Start of DATA LISTING

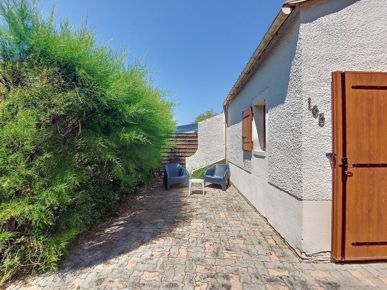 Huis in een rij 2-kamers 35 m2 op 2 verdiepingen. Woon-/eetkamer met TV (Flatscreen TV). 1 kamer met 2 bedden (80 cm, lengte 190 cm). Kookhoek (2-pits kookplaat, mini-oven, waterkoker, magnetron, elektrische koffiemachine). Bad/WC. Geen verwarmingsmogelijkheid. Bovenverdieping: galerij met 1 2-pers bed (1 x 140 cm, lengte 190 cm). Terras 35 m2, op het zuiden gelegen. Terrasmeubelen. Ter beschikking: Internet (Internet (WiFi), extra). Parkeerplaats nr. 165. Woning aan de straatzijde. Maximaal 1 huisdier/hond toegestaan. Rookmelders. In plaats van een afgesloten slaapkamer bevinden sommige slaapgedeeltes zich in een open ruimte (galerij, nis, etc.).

End of DATA LISTING
Start of DATA LISTING

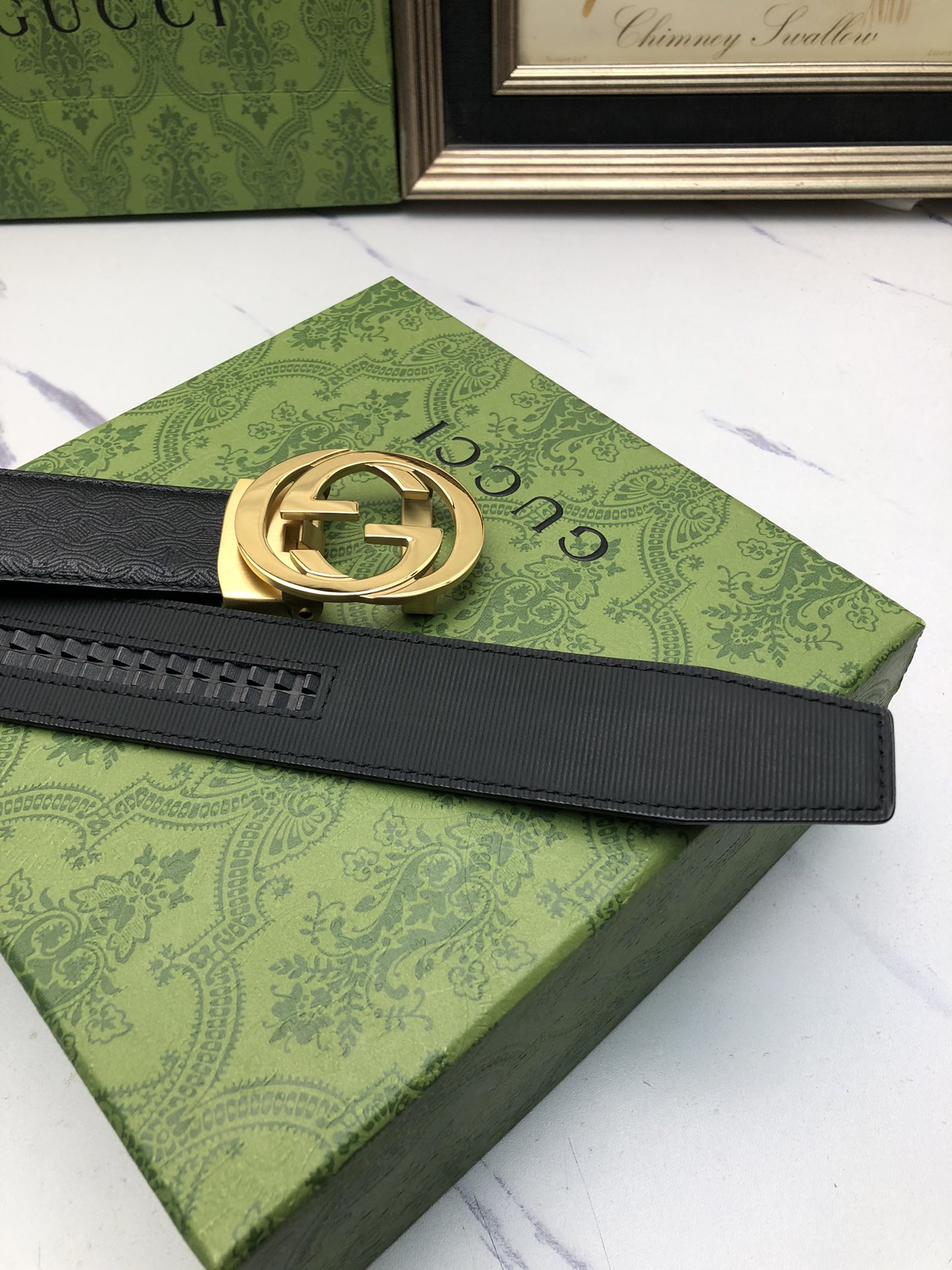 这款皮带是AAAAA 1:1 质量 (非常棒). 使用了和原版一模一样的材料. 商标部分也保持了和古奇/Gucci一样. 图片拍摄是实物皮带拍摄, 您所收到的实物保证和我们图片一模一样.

End of DATA LISTING
Start of DATA LISTING

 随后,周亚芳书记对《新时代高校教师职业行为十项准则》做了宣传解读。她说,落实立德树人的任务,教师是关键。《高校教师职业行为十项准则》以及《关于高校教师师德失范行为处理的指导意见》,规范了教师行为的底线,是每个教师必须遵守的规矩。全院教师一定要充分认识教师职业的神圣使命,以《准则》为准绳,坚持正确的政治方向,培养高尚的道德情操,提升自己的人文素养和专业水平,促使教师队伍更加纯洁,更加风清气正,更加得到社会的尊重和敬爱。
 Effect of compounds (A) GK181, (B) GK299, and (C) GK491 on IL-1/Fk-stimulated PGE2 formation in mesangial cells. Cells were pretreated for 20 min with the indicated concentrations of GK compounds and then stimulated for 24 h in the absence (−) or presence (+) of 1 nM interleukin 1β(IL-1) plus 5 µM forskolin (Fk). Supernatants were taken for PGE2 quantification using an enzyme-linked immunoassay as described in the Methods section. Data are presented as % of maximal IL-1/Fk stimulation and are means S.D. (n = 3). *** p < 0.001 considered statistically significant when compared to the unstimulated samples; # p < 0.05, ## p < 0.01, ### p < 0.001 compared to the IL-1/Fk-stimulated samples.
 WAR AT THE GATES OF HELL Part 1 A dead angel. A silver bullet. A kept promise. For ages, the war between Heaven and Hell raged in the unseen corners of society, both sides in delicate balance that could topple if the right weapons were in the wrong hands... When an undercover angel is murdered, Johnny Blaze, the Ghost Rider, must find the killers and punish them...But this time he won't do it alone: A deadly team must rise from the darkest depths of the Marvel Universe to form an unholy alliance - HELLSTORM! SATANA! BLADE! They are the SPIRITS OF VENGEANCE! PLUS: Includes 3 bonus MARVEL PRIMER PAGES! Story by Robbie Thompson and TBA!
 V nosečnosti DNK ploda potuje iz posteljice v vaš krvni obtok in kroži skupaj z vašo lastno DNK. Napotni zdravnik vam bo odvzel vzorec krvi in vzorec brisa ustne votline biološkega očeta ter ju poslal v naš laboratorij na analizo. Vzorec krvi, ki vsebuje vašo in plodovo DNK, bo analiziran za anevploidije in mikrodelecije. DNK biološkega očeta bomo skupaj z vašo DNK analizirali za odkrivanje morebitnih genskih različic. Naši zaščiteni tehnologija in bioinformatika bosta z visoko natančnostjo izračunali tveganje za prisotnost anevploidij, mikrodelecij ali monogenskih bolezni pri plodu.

End of DATA LISTING

With the first line being the one containing "Effect of compounds" and the last line the one containing "V nosečnosti DNK", transcribe exactly the lines above that fall in that range.

 Effect of compounds (A) GK181, (B) GK299, and (C) GK491 on IL-1/Fk-stimulated PGE2 formation in mesangial cells. Cells were pretreated for 20 min with the indicated concentrations of GK compounds and then stimulated for 24 h in the absence (−) or presence (+) of 1 nM interleukin 1β(IL-1) plus 5 µM forskolin (Fk). Supernatants were taken for PGE2 quantification using an enzyme-linked immunoassay as described in the Methods section. Data are presented as % of maximal IL-1/Fk stimulation and are means S.D. (n = 3). *** p < 0.001 considered statistically significant when compared to the unstimulated samples; # p < 0.05, ## p < 0.01, ### p < 0.001 compared to the IL-1/Fk-stimulated samples.
 WAR AT THE GATES OF HELL Part 1 A dead angel. A silver bullet. A kept promise. For ages, the war between Heaven and Hell raged in the unseen corners of society, both sides in delicate balance that could topple if the right weapons were in the wrong hands... When an undercover angel is murdered, Johnny Blaze, the Ghost Rider, must find the killers and punish them...But this time he won't do it alone: A deadly team must rise from the darkest depths of the Marvel Universe to form an unholy alliance - HELLSTORM! SATANA! BLADE! They are the SPIRITS OF VENGEANCE! PLUS: Includes 3 bonus MARVEL PRIMER PAGES! Story by Robbie Thompson and TBA!
 V nosečnosti DNK ploda potuje iz posteljice v vaš krvni obtok in kroži skupaj z vašo lastno DNK. Napotni zdravnik vam bo odvzel vzorec krvi in vzorec brisa ustne votline biološkega očeta ter ju poslal v naš laboratorij na analizo. Vzorec krvi, ki vsebuje vašo in plodovo DNK, bo analiziran za anevploidije in mikrodelecije. DNK biološkega očeta bomo skupaj z vašo DNK analizirali za odkrivanje morebitnih genskih različic. Naši zaščiteni tehnologija in bioinformatika bosta z visoko natančnostjo izračunali tveganje za prisotnost anevploidij, mikrodelecij ali monogenskih bolezni pri plodu.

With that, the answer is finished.